Open AccessMelanoma With Loss of BAP1 Expression in Patients With No Family History of BAP1-Associated Cancer Susceptibility Syndrome: A Case Series
Author(s) -
Phyu P. Aung,
Priyadharsini Nagarajan,
Michael T. Tetzlaff,
Jonathan L. Curry,
Guilin Tang,
Zied Abdullaev,
Svetlana Pack,
Doina Ivan,
Víctor G. Prieto,
Carlos A. TorresCabala
Publication year - 2019
Publication title -
the american journal of dermatopathology/american journal of dermatopathology
Language(s) - English
Resource type - Journals
SCImago Journal Rank - 0.454
H-Index - 73
eISSN - 1533-0311
pISSN - 0193-1091
DOI - 10.1097/dad.0000000000001217
Subject(s) - bap1 , medicine , melanoma , family history , germline mutation , cancer syndrome , cancer , germline , dermatology , pathology , cancer research , mutation , biology , gene , biochemistry
The presence of multiple BAP1-negative melanocytic neoplasms is a hallmark of familial cancer susceptibility syndrome caused by germline mutations in BAP1. Melanocytic tumors lacking BAP1 expression may also present as sporadic lesions in patients lacking a germline BAP1 mutation.
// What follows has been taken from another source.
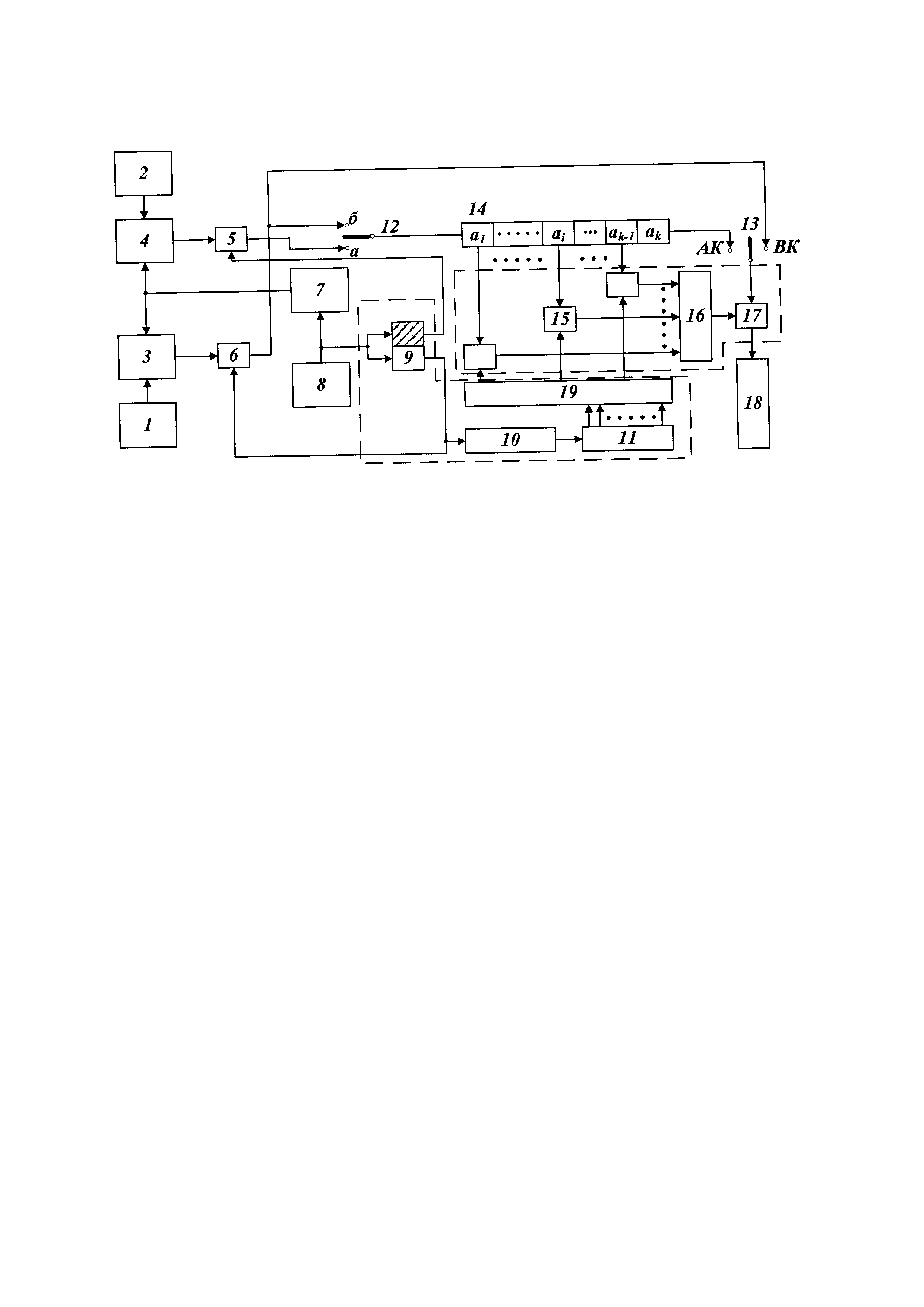 Изобретение относится к областям радиотехники и измерительной техники и может быть использовано в устройствах измерения коэффициента корреляции случайного сигнала, в устройствах оценки параметров случайного сигнала аппаратуры управления и передачи информации, предназначенным для корреляционного анализа случайных процессов, представленных цифровыми кодами. Большое количество корреляторов описано в [Жовинский В.И., Арховский В.Ф. Корреляционные устройства. М.: Энергия, 1974], однако многие из них сложны в технической реализации, имеют большой аппаратный объем и низкое быстродействие, наиболее близким аналогом является цифровой коррелятор [Патент RU 2735488 С1 Российская Федерация, МПК G06F 17/15 (2006.01) цифровой коррелятор / О.В. Чернояров и др./ ФГБОУ ВО Майкопский государственный университет (RU). - №2020113740, заявл. 03.04.2020, опубликовано: 03.11.2020 Бюл. №31]. Предлагаемый коррелятор отличается тем, что в нем используется один генератор равномерно распределенных случайных чисел, связанный с двумя схемами сравнения, подключенными через вентили и переключатель к регистру сдвига, используемому в качестве устройства задержки. Причем разрядные его выходы связаны через схемы совпадения, вторые входы которых подключены к дешифратору, с общей собирательной схемой. Последняя через дополнительную схему совпадения соединена с выходным счетчиком. Сущность изобретения поясняется чертежом, на котором изображена функциональная схема знакового цифрового коррелятора, где: 1, 2 - генераторы кодов исследуемых сигналов; 3, 4 - схемы сравнения кодов; 5, 6 - вентили; 7 - генератор равномерно распределенных случайных чисел; 8 - генератор тактовых импульсов; 9 - триггер управления; 10 - делитель частоты; 11 - первый счетчик; 12, 13 - переключатели; 14 - сдвигающий регистр; 15 - схемы совпадения; 16 - собирательная схема; 17 - дополнительная схема совпадения; 18 - второй счетчик; 19 - дешифратор. Работа предлагаемого устройства состоит в следующем. В тактовые моменты времени, задаваемые генератором 8 через триггер 9, текущее значение исследуемой случайной функции с генератора 2 сравнивается на схеме 4 с вырабатываемым в каждый тактовый момент времени генератором 7 равномерно распределенным случайным числом. На выходе схемы 4 появляется импульс, если текущее значение случайного кода входного сигнала не меньше, чем случайное число. Вырабатываемая таким образом на выходе схемы 4 последовательность двоичных сигналов «1» и «0» поступает через вентиль 5 и переключатель 12 в к-разрядный регистр сдвига 14. Информация в регистре сдвига по каждому тактовому импульсу сдвигается на один разряд вправо. Информация, хранящаяся в регистре сдвига, является основной для получения корреляционной функции исследуемого случайного процесса. Выходы регистра сдвига соединены со входами схем совпадения 15, которые поочередно опрашиваются сигналами с дешифратора 19 с частотой ƒ/N, где ƒ - частота поступления тактовых импульсов с триггера 9. Устройство опроса работает следующим образом. На вход делителя частоты 10 поступают импульсы с частотой ƒ от триггера 9, связанного с генератором 8 тактовых импульсов. На выходе делителя появляются импульсы с частотой ƒ/N и поступают на вход счетчика 11 на n разрядов. Число разрядов n выбирается так, что 2n = к. Выходы счетчиков соединены со входами дешифратора. На выходах дешифратора

Here, we report histomorphologic and clinical characteristics of cutaneous melanomas with loss of BAP1 expression in 4 patients with no known history of BAP1-associated cancer susceptibility syndrome. The lesions were nodular melanomas composed predominantly of intradermal large epithelioid (Spitzoid) melanocytes with nuclear pseudoinclusions as well as scattered multinucleated cells, arising in association with a typical intradermal nevus. Of the 4 patients, only 1 had recurrence. This patient had multiple recurrences with in-transit and regional lymph node metastases. To the best of our knowledge, this is the first reported series of cutaneous melanomas with loss of BAP1 expression arising in patients without a family history of cancer.